Data excerpt:
Content starts
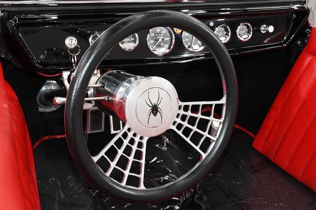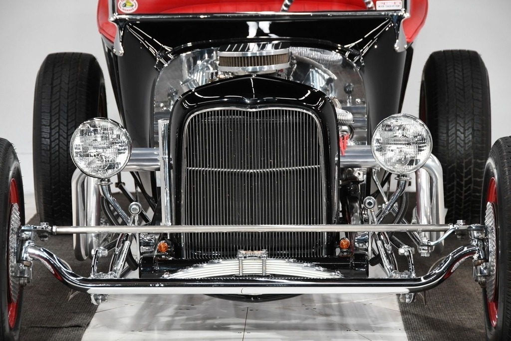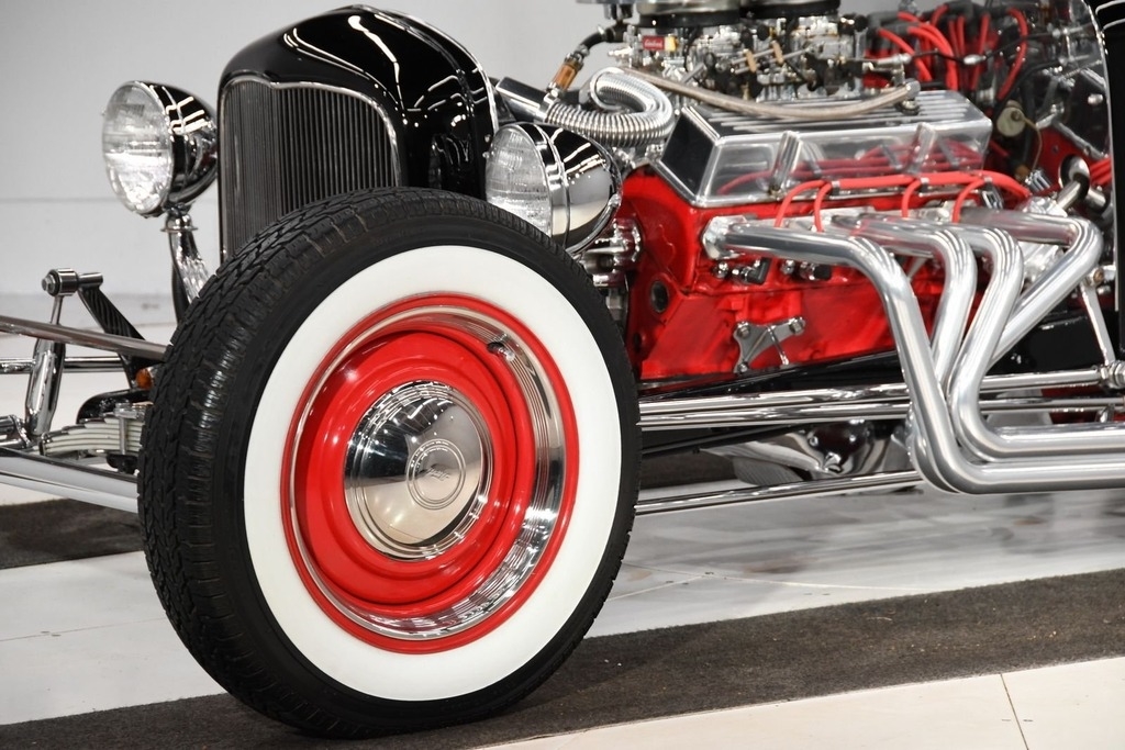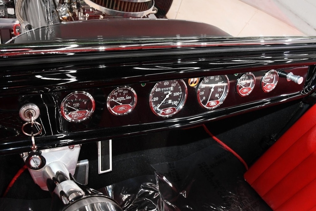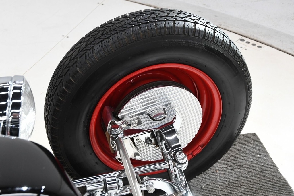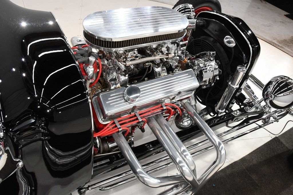 The interior is just as impressive, featuring plush red custom upholstery, chrome tilt column, Lokar floor shifter, billet pedals, custom steering wheel, Ford gauges, and seat belts. Under the hood, the 327 Chevy small block shines with polished components, Edelbrock intake and carburetors, ceramic-coated headers, and a custom cooling system. The fully chromed underside, Wilwood Dynalite brakes, and polished Ford 9-inch rear complete this show-and-go build. Every detail was done right—this isn’t just a T, it’s a masterpiece ready to drive, show, and enjoy.”
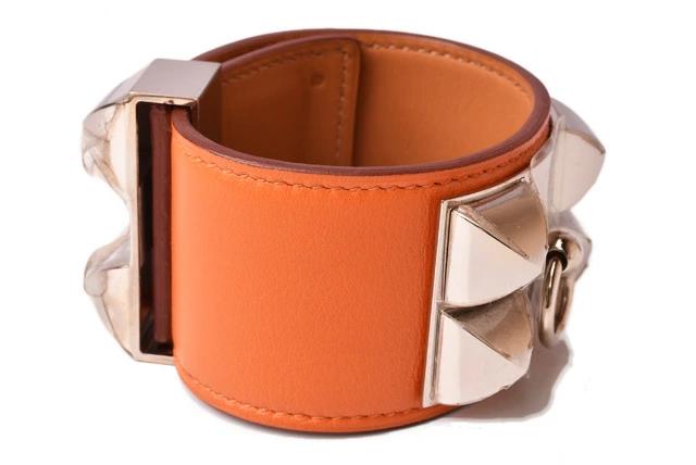 エルメスより、人気のバングル、メドール コリエドシアン バングルです。エルメスの象徴、メドール金具と大きなスタッズがアクセントに。ゴージャスな印象の存在感の有るブレスレットです。さりげなく上品な大人の雰囲気。
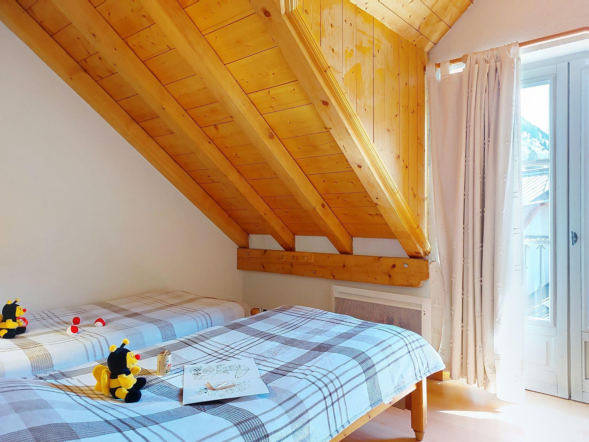 "Conseil 3", 3-room maisonette 55 m2 on 3rd floor. Comfortable furnishings: living/dining room with 1 double sofabed (120 cm, length 190 cm), TV, flat screen and DVD. Exit to the balcony. Open kitchen (oven, dishwasher, 4 ceramic glass hob hotplates, toaster, kettle, microwave, electric coffee machine). Sep. WC. Electric heating. Upper floor: 1 room with 1 french bed (1 x 140 cm, length 190 cm), shower. 1 room with 2 beds (90 cm, length 190 cm). Bath/WC. 2 small balconies, south facing position and, east facing position. Facilities: Internet (WiFi, free). Garage, height 200 cm, width 290 cm. Please note: non-smokers only. TV only FR. Smoke alarm. FR7450.420.3
Content ends
The problem:
In repeating the lines above, keep the wording exact and leave every picture out.

Exercise solution:
 The interior is just as impressive, featuring plush red custom upholstery, chrome tilt column, Lokar floor shifter, billet pedals, custom steering wheel, Ford gauges, and seat belts. Under the hood, the 327 Chevy small block shines with polished components, Edelbrock intake and carburetors, ceramic-coated headers, and a custom cooling system. The fully chromed underside, Wilwood Dynalite brakes, and polished Ford 9-inch rear complete this show-and-go build. Every detail was done right—this isn’t just a T, it’s a masterpiece ready to drive, show, and enjoy.”
 エルメスより、人気のバングル、メドール コリエドシアン バングルです。エルメスの象徴、メドール金具と大きなスタッズがアクセントに。ゴージャスな印象の存在感の有るブレスレットです。さりげなく上品な大人の雰囲気。
 "Conseil 3", 3-room maisonette 55 m2 on 3rd floor. Comfortable furnishings: living/dining room with 1 double sofabed (120 cm, length 190 cm), TV, flat screen and DVD. Exit to the balcony. Open kitchen (oven, dishwasher, 4 ceramic glass hob hotplates, toaster, kettle, microwave, electric coffee machine). Sep. WC. Electric heating. Upper floor: 1 room with 1 french bed (1 x 140 cm, length 190 cm), shower. 1 room with 2 beds (90 cm, length 190 cm). Bath/WC. 2 small balconies, south facing position and, east facing position. Facilities: Internet (WiFi, free). Garage, height 200 cm, width 290 cm. Please note: non-smokers only. TV only FR. Smoke alarm. FR7450.420.3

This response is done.